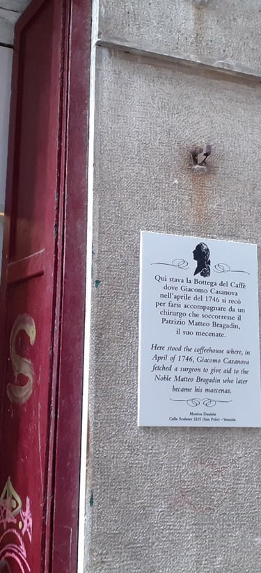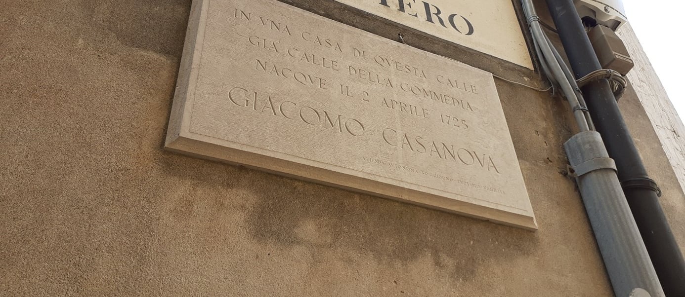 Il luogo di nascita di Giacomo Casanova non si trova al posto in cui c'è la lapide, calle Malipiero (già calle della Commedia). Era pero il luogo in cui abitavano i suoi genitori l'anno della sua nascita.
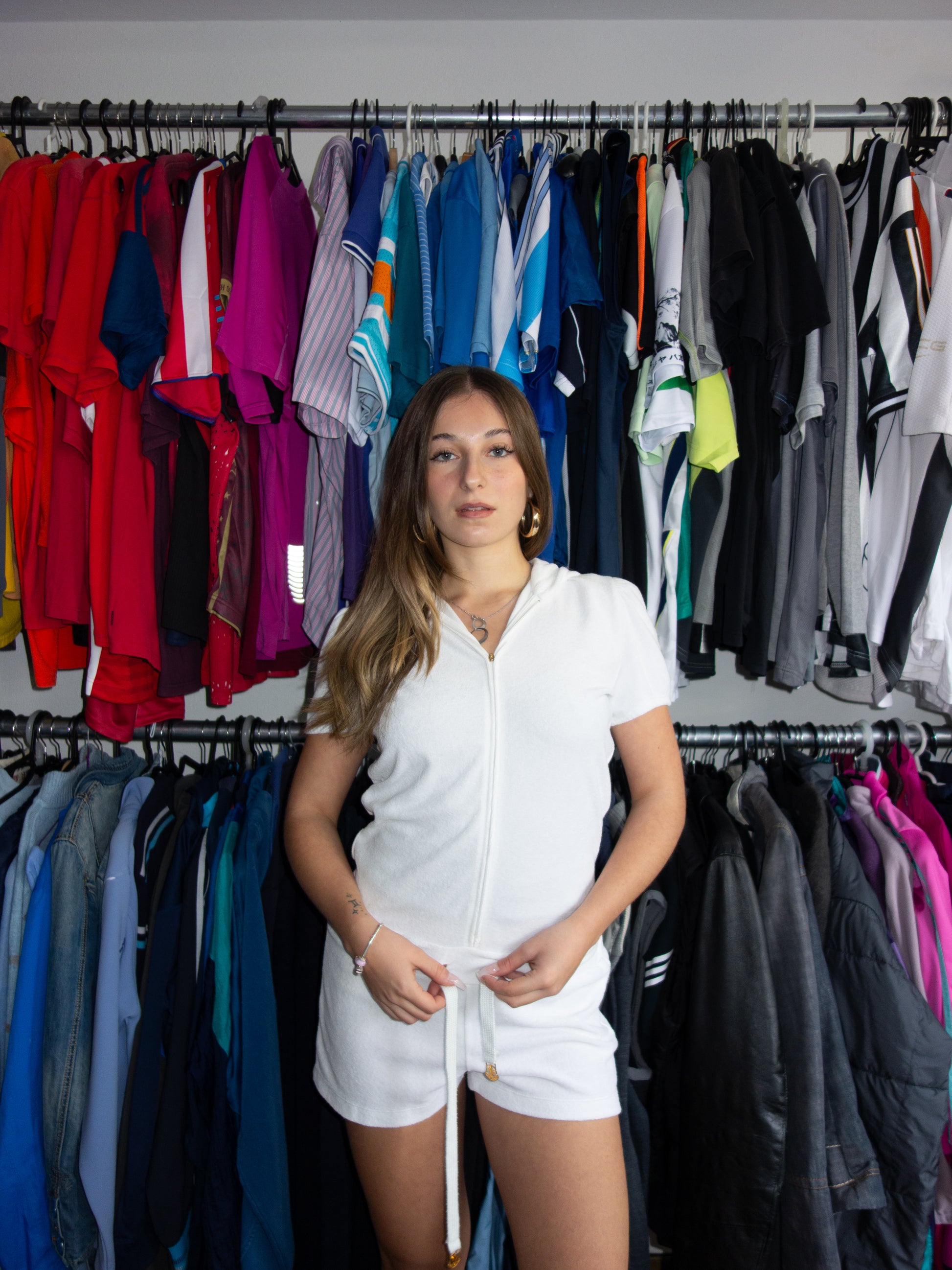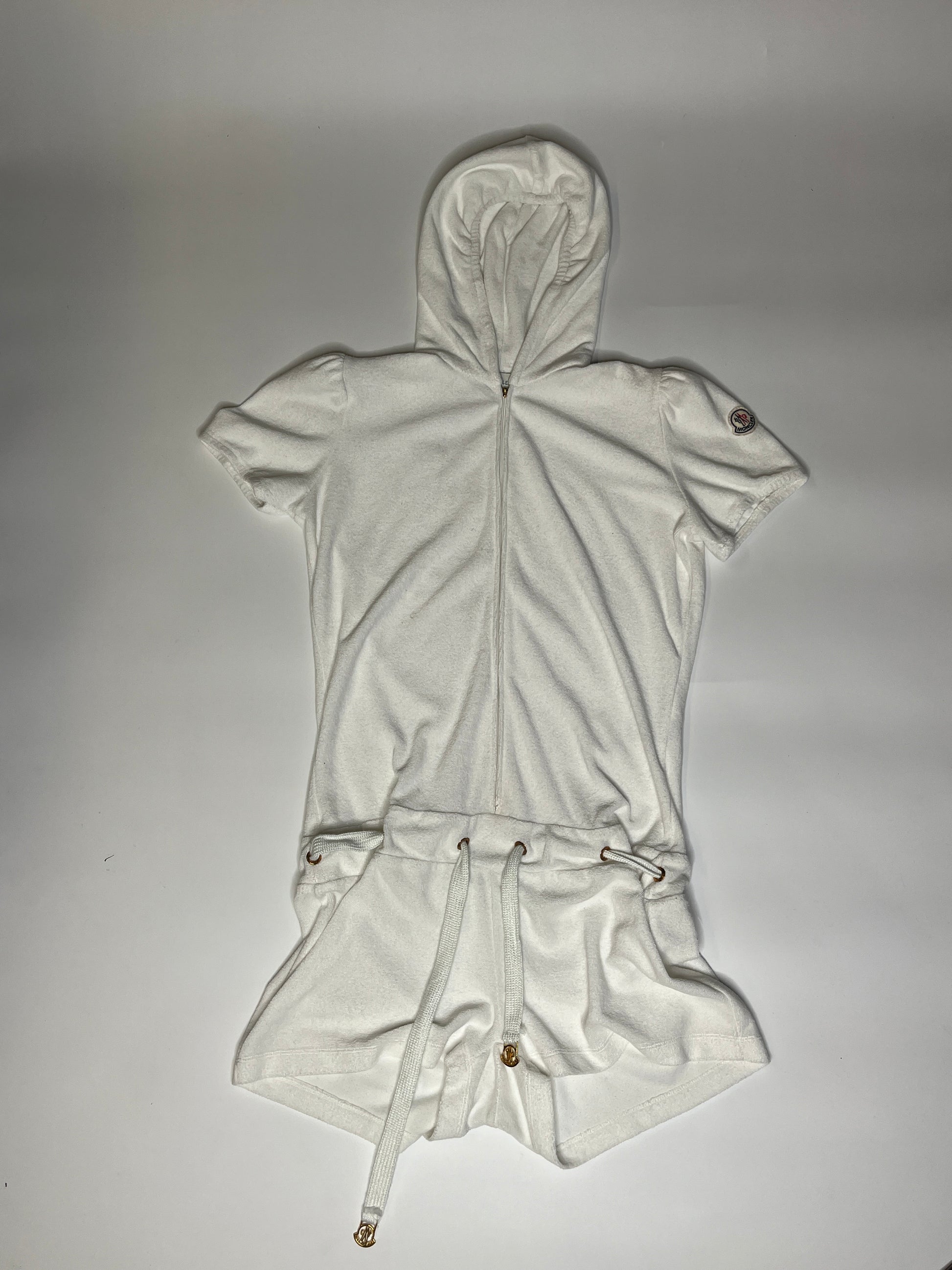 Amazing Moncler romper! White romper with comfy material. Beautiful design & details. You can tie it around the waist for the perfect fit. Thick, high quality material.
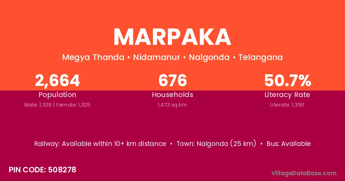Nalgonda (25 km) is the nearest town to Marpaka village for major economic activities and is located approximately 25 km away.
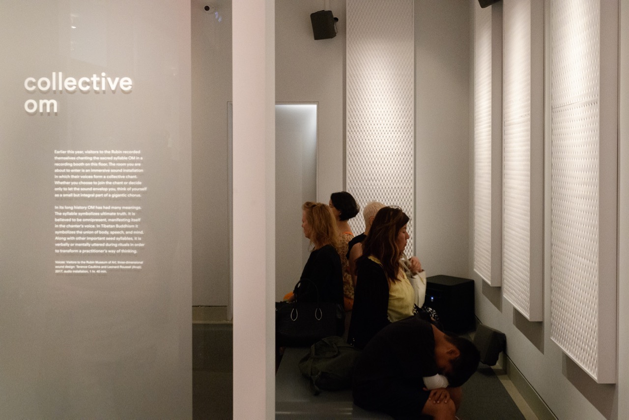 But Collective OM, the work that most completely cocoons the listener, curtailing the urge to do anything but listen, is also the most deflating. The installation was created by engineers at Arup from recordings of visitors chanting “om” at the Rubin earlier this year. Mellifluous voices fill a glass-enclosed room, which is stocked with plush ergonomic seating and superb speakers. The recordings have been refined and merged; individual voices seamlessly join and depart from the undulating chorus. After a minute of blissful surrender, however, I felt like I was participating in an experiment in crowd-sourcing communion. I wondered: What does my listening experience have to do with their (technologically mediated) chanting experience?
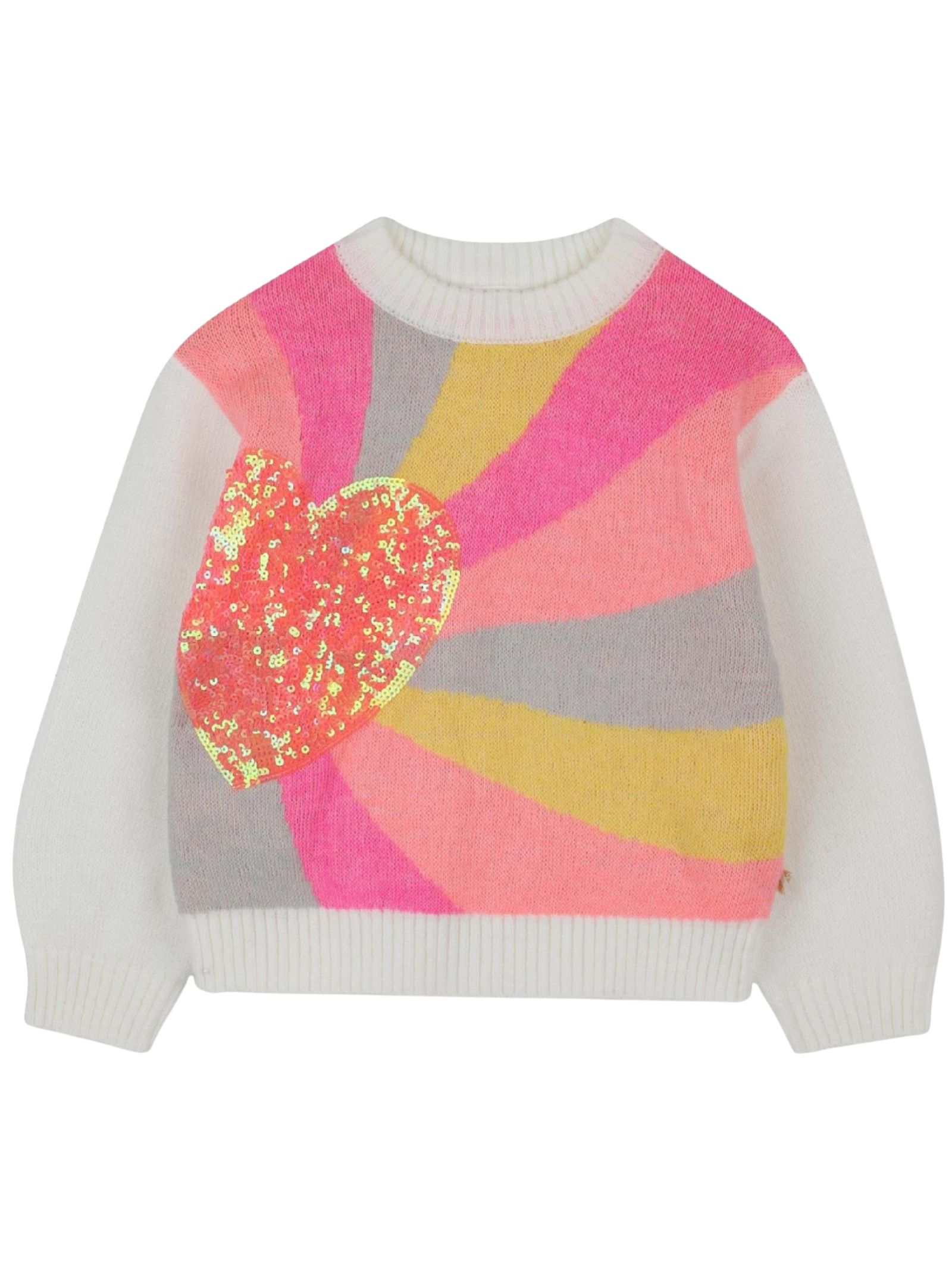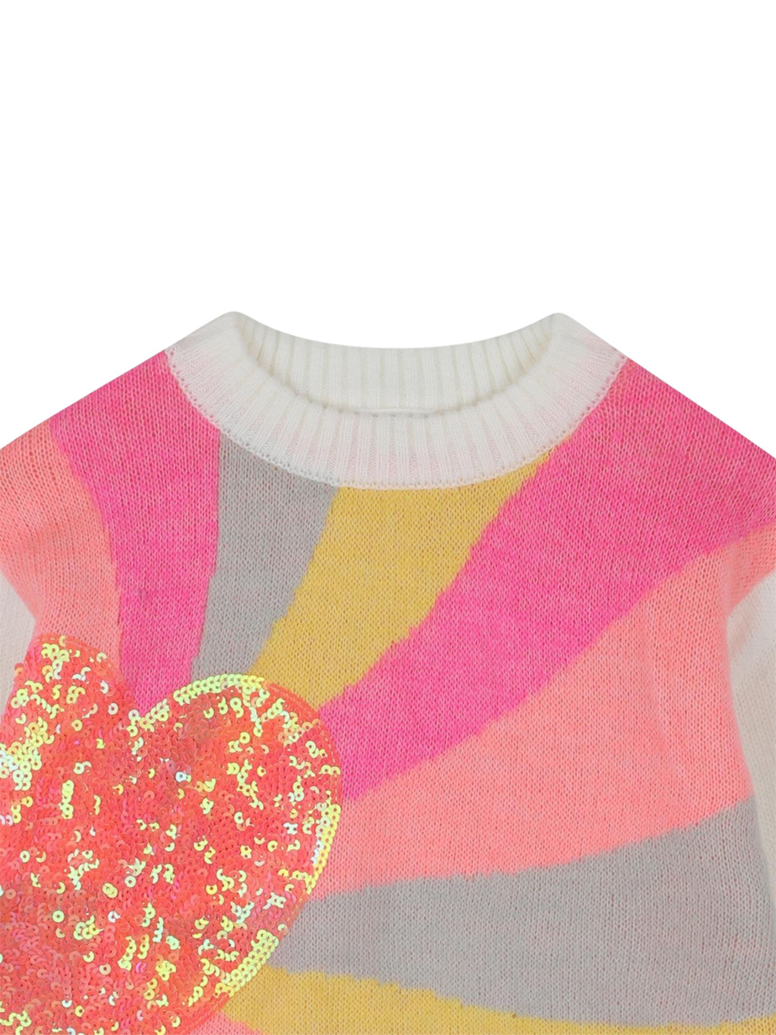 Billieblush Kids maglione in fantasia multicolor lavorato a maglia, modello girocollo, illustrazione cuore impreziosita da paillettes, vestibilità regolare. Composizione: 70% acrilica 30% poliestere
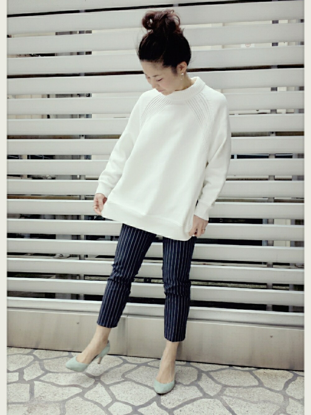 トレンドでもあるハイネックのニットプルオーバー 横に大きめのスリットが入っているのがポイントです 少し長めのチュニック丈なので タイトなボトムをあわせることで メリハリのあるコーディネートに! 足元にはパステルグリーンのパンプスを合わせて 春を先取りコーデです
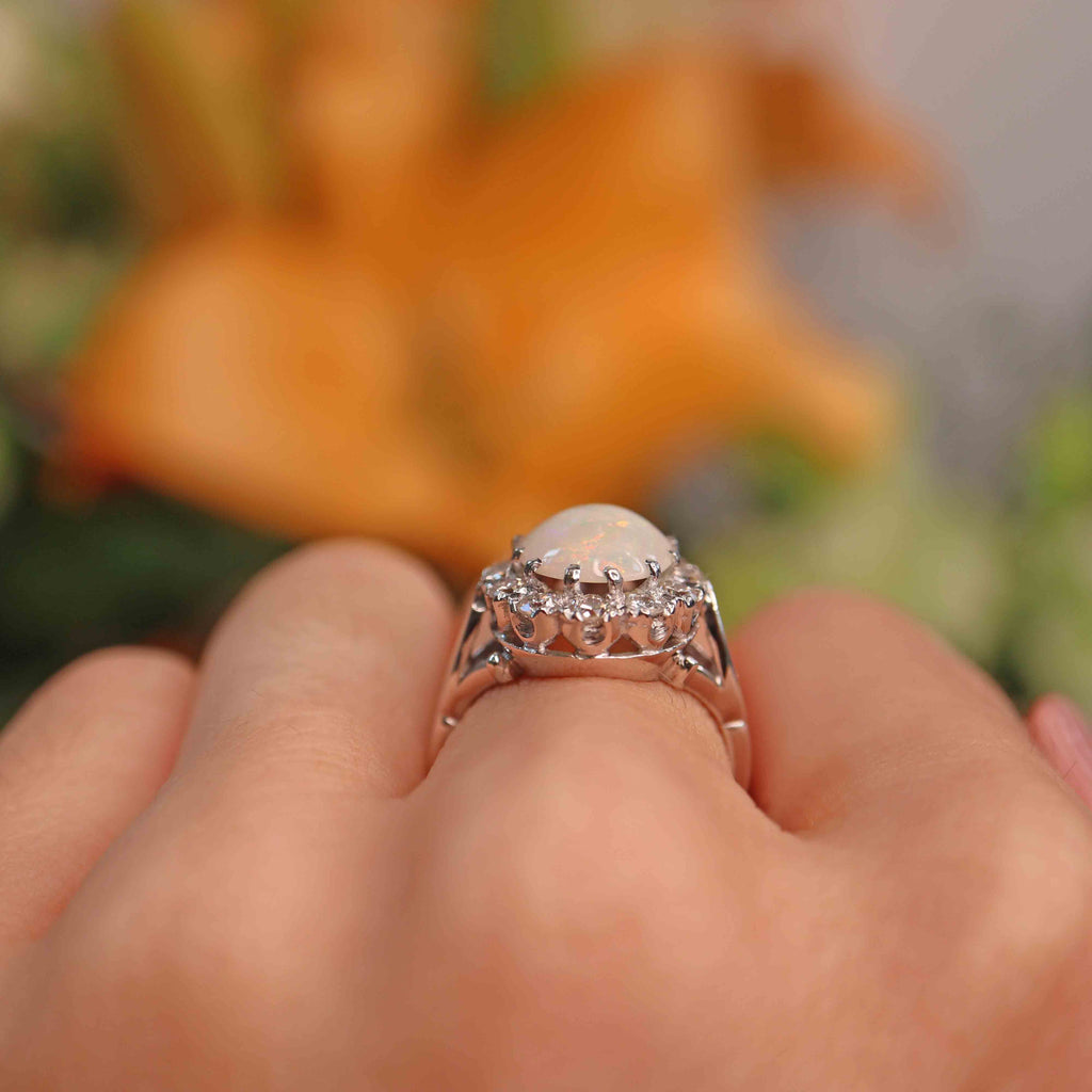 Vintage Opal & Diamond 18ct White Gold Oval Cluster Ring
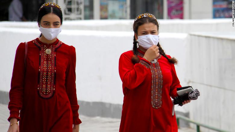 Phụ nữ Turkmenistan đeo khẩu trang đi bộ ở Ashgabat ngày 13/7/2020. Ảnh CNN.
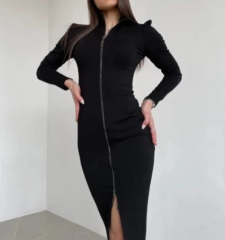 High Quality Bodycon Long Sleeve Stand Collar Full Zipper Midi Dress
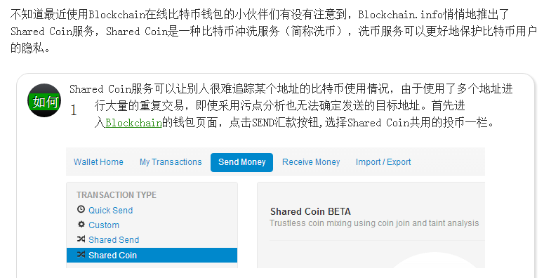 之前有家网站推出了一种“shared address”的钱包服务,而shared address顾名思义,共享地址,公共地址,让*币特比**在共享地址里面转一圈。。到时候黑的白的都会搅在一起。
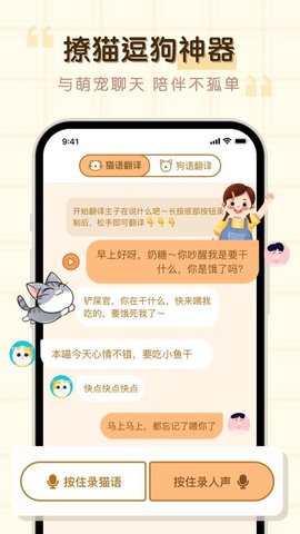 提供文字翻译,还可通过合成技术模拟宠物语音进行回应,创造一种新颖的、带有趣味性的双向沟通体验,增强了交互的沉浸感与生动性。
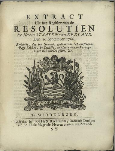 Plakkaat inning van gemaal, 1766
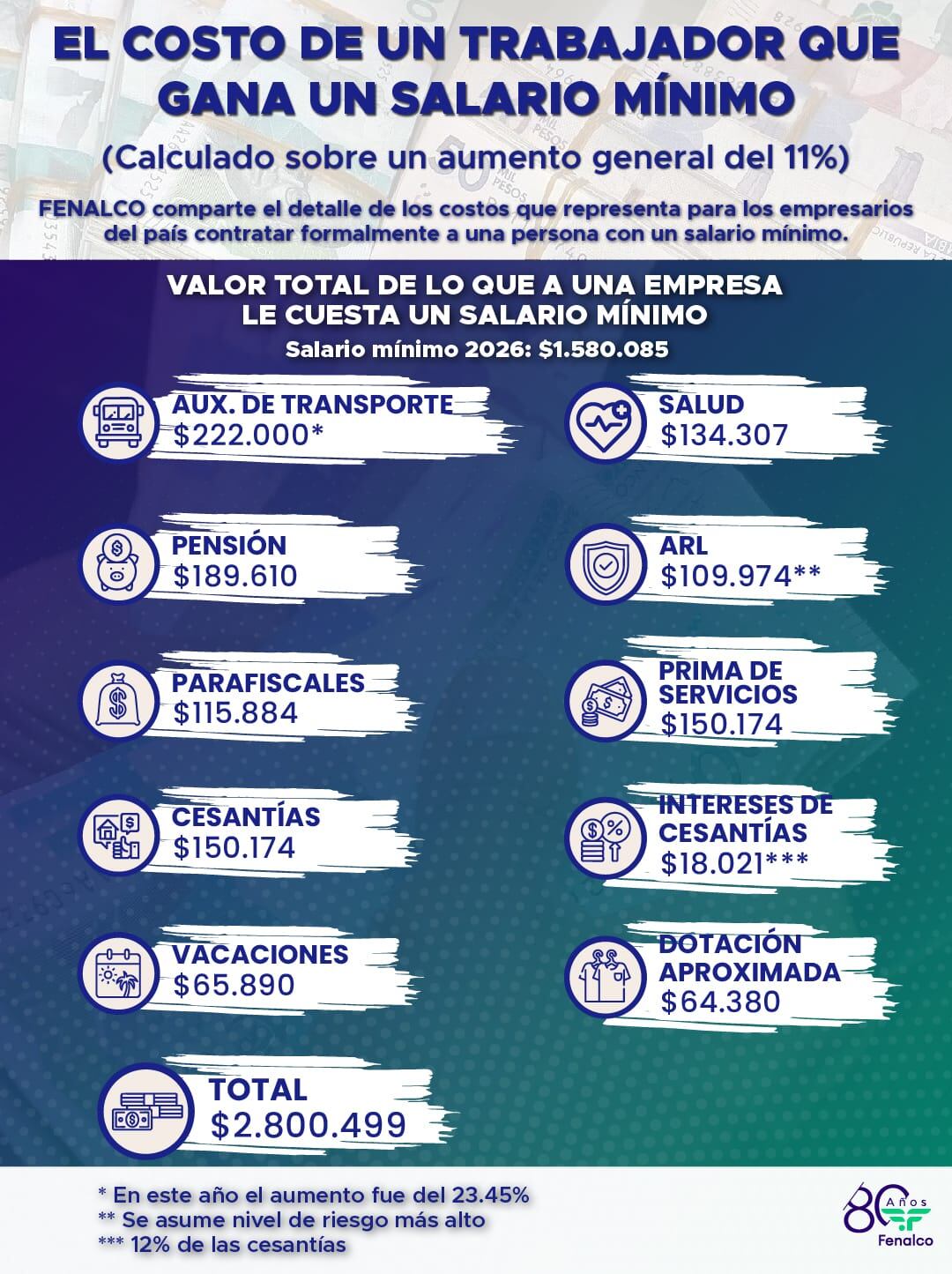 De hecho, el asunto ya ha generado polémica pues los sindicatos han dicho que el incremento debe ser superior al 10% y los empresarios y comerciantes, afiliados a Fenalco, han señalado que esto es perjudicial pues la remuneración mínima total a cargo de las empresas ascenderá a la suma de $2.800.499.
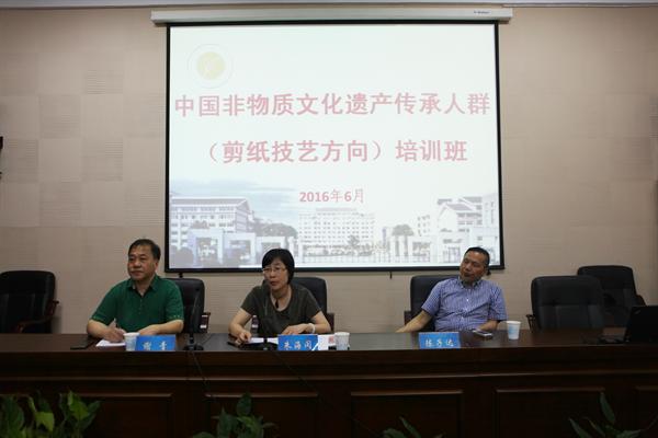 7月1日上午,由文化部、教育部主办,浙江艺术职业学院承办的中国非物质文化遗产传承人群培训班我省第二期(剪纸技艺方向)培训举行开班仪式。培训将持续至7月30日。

THE PROBLEM: Could each line of the data be written out exactly, with no pictures included?

TASK ANSWER:
 Il luogo di nascita di Giacomo Casanova non si trova al posto in cui c'è la lapide, calle Malipiero (già calle della Commedia). Era pero il luogo in cui abitavano i suoi genitori l'anno della sua nascita.
 Amazing Moncler romper! White romper with comfy material. Beautiful design & details. You can tie it around the waist for the perfect fit. Thick, high quality material.
Nalgonda (25 km) is the nearest town to Marpaka village for major economic activities and is located approximately 25 km away.
 But Collective OM, the work that most completely cocoons the listener, curtailing the urge to do anything but listen, is also the most deflating. The installation was created by engineers at Arup from recordings of visitors chanting “om” at the Rubin earlier this year. Mellifluous voices fill a glass-enclosed room, which is stocked with plush ergonomic seating and superb speakers. The recordings have been refined and merged; individual voices seamlessly join and depart from the undulating chorus. After a minute of blissful surrender, however, I felt like I was participating in an experiment in crowd-sourcing communion. I wondered: What does my listening experience have to do with their (technologically mediated) chanting experience?
 Billieblush Kids maglione in fantasia multicolor lavorato a maglia, modello girocollo, illustrazione cuore impreziosita da paillettes, vestibilità regolare. Composizione: 70% acrilica 30% poliestere
 トレンドでもあるハイネックのニットプルオーバー 横に大きめのスリットが入っているのがポイントです 少し長めのチュニック丈なので タイトなボトムをあわせることで メリハリのあるコーディネートに! 足元にはパステルグリーンのパンプスを合わせて 春を先取りコーデです
 Vintage Opal & Diamond 18ct White Gold Oval Cluster Ring
 Phụ nữ Turkmenistan đeo khẩu trang đi bộ ở Ashgabat ngày 13/7/2020. Ảnh CNN.
 High Quality Bodycon Long Sleeve Stand Collar Full Zipper Midi Dress
 之前有家网站推出了一种“shared address”的钱包服务,而shared address顾名思义,共享地址,公共地址,让*币特比**在共享地址里面转一圈。。到时候黑的白的都会搅在一起。
 提供文字翻译,还可通过合成技术模拟宠物语音进行回应,创造一种新颖的、带有趣味性的双向沟通体验,增强了交互的沉浸感与生动性。
 Plakkaat inning van gemaal, 1766
 De hecho, el asunto ya ha generado polémica pues los sindicatos han dicho que el incremento debe ser superior al 10% y los empresarios y comerciantes, afiliados a Fenalco, han señalado que esto es perjudicial pues la remuneración mínima total a cargo de las empresas ascenderá a la suma de $2.800.499.
 7月1日上午,由文化部、教育部主办,浙江艺术职业学院承办的中国非物质文化遗产传承人群培训班我省第二期(剪纸技艺方向)培训举行开班仪式。培训将持续至7月30日。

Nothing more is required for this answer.